Alternative input format (ARFF)
It is also possible to use a dataset encoded using the ARFF format as an alternative to the default dataset format. The specification of the ARFF format can be found here. Most features of the ARFF format are supported except that all attribute values are treated as nominal values. This is due to the design of ID3, which is only defined for handling nominal values. If numerical values are in the data, they will be treated as nominal values (strings). To load a file using the ARFF format, the following lines of code can be used in the example:
String datasetPath = fileToPath("weather-train.arff");
ARFFDataset dataset = new ARFFDataset(datasetPath, targetClassName);
Using these lines, the dataset weather-train.aff will be used, which contains the following content:
@relation weather.tennis
@attribute outlook {sunny,overcast,rainy}
@attribute temperature {hot,mild,cool}
@attribute humidity {high,normal}
@attribute windy {strong,weak}
@attribute play {yes,no}
@data
sunny,hot,high,weak,no
sunny,hot,high,strong,no
overcast,hot,high,weak,yes
rainy,mild,high,weak,yes
rainy,cool,normal,weak,yes
rainy,cool,normal,strong,no
overcast,cool,normal,strong,yes
sunny,mild,high,weak,no
sunny,cool,normal,weak,yes
rainy,mild,normal,weak,yes
sunny,mild,normal,strong,yes
This dataset defines 5 attributes and 11 records (note that it is slightly different from the file tennisExtended.txt in the above example).
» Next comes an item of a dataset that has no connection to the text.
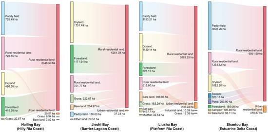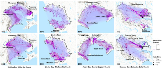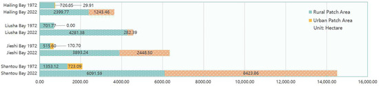 Shantou Bay (Estuarine Delta Coast) demonstrated the highest expansion intensity with an annual growth rate of 248.78 ha/yr. In 1972 and 2022, its settlement area consistently exceeded other bay units, expanding radially outward from Shantou City in a monocentric pattern driven by rapid urbanization.
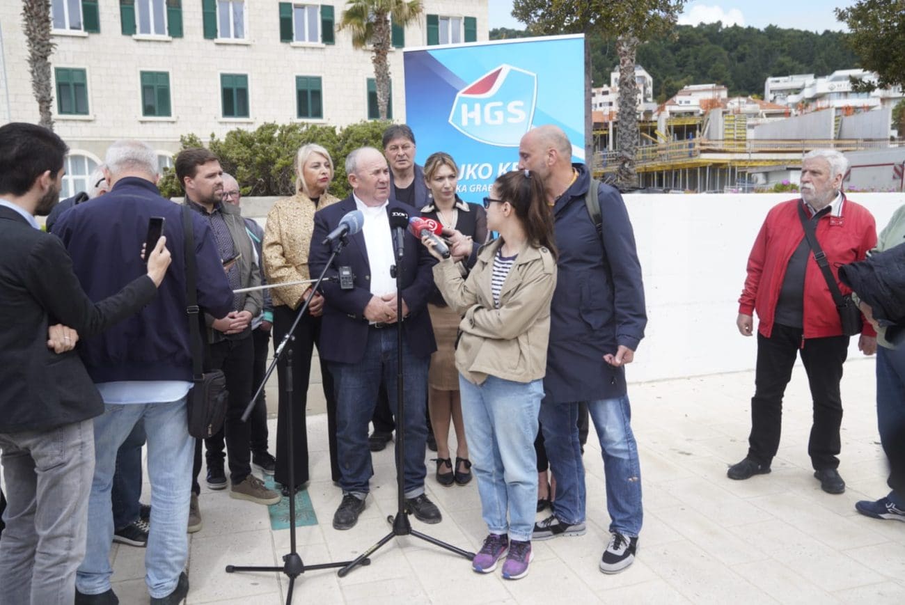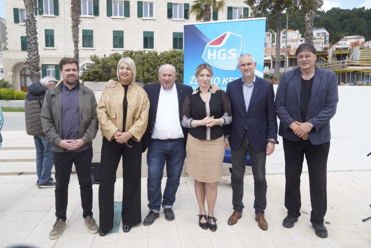 "Split je važan, ali tema su i cijela Splitsko-dalmatinska županija. Mi želimo vladati i gradom i županijom", poručio je, te je dao riječ Martini Nimac Kalcini, kandidatkinji HGS-a za županicu Splitsko-dalmatinske županije.

Alternative input format (CSV)
It is also possible to load a dataset encoded in the CSV format as an alternative to the default format and ARFF format. The CSV format is a file where values and attribute values are separated by commas. To load a file encoded according to the CSV format, the following lines of code can be used in the example:
String datasetPath = fileToPath("tennisExtendedCSV.txt");
CSVDataset dataset = new CSVDataset(datasetPath, targetClassName);
Using these lines, the dataset tennisExtendedCSV.txt can be read, which contains the following content:
play,outlook,temp,humid,wind,day,moon
no,sunny,hot,high,weak,tuesday,full
no,sunny,hot,high,strong,tuesday,small
yes,overcast,hot,high,weak,tuesday,full
yes,rainy,mild,high,strong,tuesday,small
yes,rainy,cool,normal,weak,monday,full
no,rainy,cool,normal,strong,monday,small
yes,overcast,cool,normal,strong,monday,full
no,sunny,mild,high,weak,monday,small
yes,sunny,cool,normal,weak,monday,full
yes,rainy,mild,normal,weak,monday,small
yes,sunny,mild,normal,strong,friday,full
no,rainy,cool,normal,strong,friday,small
yes,overcast,cool,normal,strong,friday,full
no,sunny,mild,high,weak,friday,small
yes,sunny,cool,normal,weak,friday,full
yes,overcast,hot,high,weak,friday,small
yes,rainy,mild,high,strong,friday,full
yes,rainy,mild,normal,weak,friday,small
yes,sunny,mild,normal,strong,tuesday,full
The first line indicates the names of the attributes, each separated by a comma. Then each of the following lines is a record where attribute values are separated by commas. There are 19 records.